By proper use, she means that the diver must "steer up." Steering up is a diving technique to avoid injury. Critics allege that it's also a tactic to suggest injuries are caused not by bad pools but bad dives. Wingfield says that while the NSPI has helped educate the public on proper diving, it is unrealistic to expect that everyone will dive with perfect form. "If it was easy to teach everybody to dive that well, everybody would be Greg Louganis and getting 10s," he says.
Wingfield believes that cost is probably the main reason that pools have not been redesigned.
Over the past three decades, the NSPI has made several changes. The problem, according to Meneely's lawyers: the changes were not enough.
But the NSPI says that the pool where Meneely dove didn't even meet its standards. Crenshaw says that the pool was wrongly built, making the transition wall too steep and too close, and therefore it shuld not have had a diving board.
"Then the pool was not built in accordance to any NSPI standard published during that time," says Crenshaw. "And if someone just had taken the time to measure the pool, they would have known that that pool did not need a diving board, and it should have been removed."
"That's their defense, is that these pools that accidents happen in don't meet their standard, and it's almost identical," says Peterson in response.
The jury in Shawn Meneely's case apparently didn't agree with Crenshaw, and returned a verdict against the NSPI of $6.6 million. Says Crenshaw: "It just doesn't seem fair, because I don't see how it could possibly be our fault if our standards were not involved or consulted."

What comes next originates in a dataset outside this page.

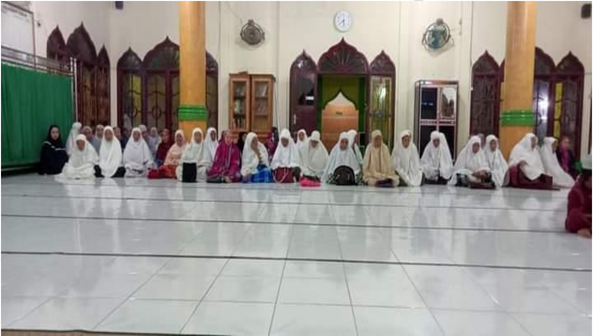
Foto Kegiatan Pengajian Pengajian di Masjid Baitul Huda di Simpang Tiga Kecamatan Besitang

As for Meneely, he cannot walk. But he believes he's already covered a lot of ground: "If I can stop people from ending up being quadriplegic like myself, from a diving accident like this, then that's what my goal is."
Since this story first aired two summers ago, Shawn Meneeley has graduated from college and now works in Seattle. As for his case against NSPI, after losing a lengthy appeal the group finally paid Meneeley the full ammount of the virdict plus interest, $8.1 million. NSPI says that since it last revised the standards in 1995, no accident has occurred in pools that are in compliance.